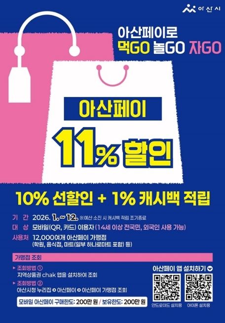 앞으로 시는 아산페이 11% 혜택을 지속 운영하는 한편, 소상공인 지원사업과 연계한 홍보를 강화할 예정이다. 또한 시와 유관기관이 주관하는 행사·축제, 동행축제 연계 홍보관 운영 등을 통해 아산페이 사용처 안내, 가맹점 홍보, 현장 소비 유도 등을 확대해 나갈 방침이다.
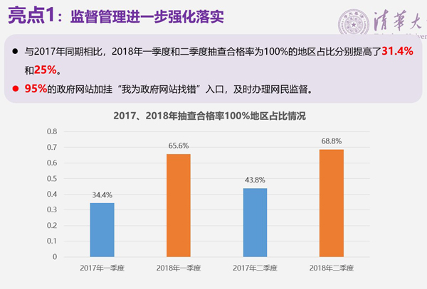 1.监督管理进一步强化落实。与2017年同期相比,2018年一季度和二季度国办政府网站抽查合格率为100%的地区占比分别提高了31.4%和25%。95%的政府网站加挂“我为政府网站找错”入口,及时办理网民监督。
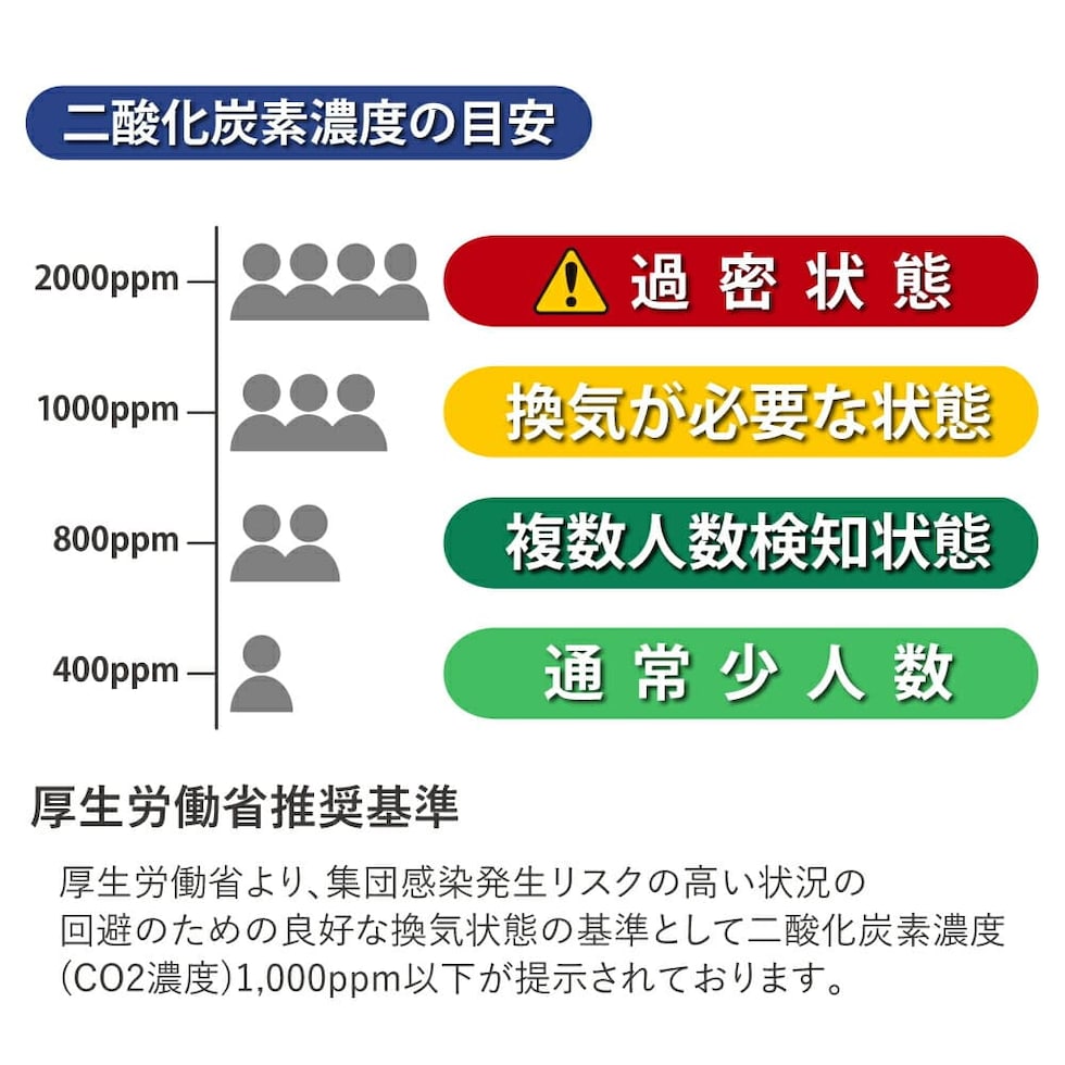 | カラー表示 | 緑色/~600ppm アラーム音なし 黄色/601~1000ppm アラーム音2回 赤色/1001~5000ppm以上 アラーム音3回 |

» TO DO:
The range to set down runs from the line containing "1.监督管理进一步强化落实。" through the final line of the data, both ends included; give it exactly and drop the pictures.

» SOLUTION TO THIS PROBLEM:
 1.监督管理进一步强化落实。与2017年同期相比,2018年一季度和二季度国办政府网站抽查合格率为100%的地区占比分别提高了31.4%和25%。95%的政府网站加挂“我为政府网站找错”入口,及时办理网民监督。
 | カラー表示 | 緑色/~600ppm アラーム音なし 黄色/601~1000ppm アラーム音2回 赤色/1001~5000ppm以上 アラーム音3回 |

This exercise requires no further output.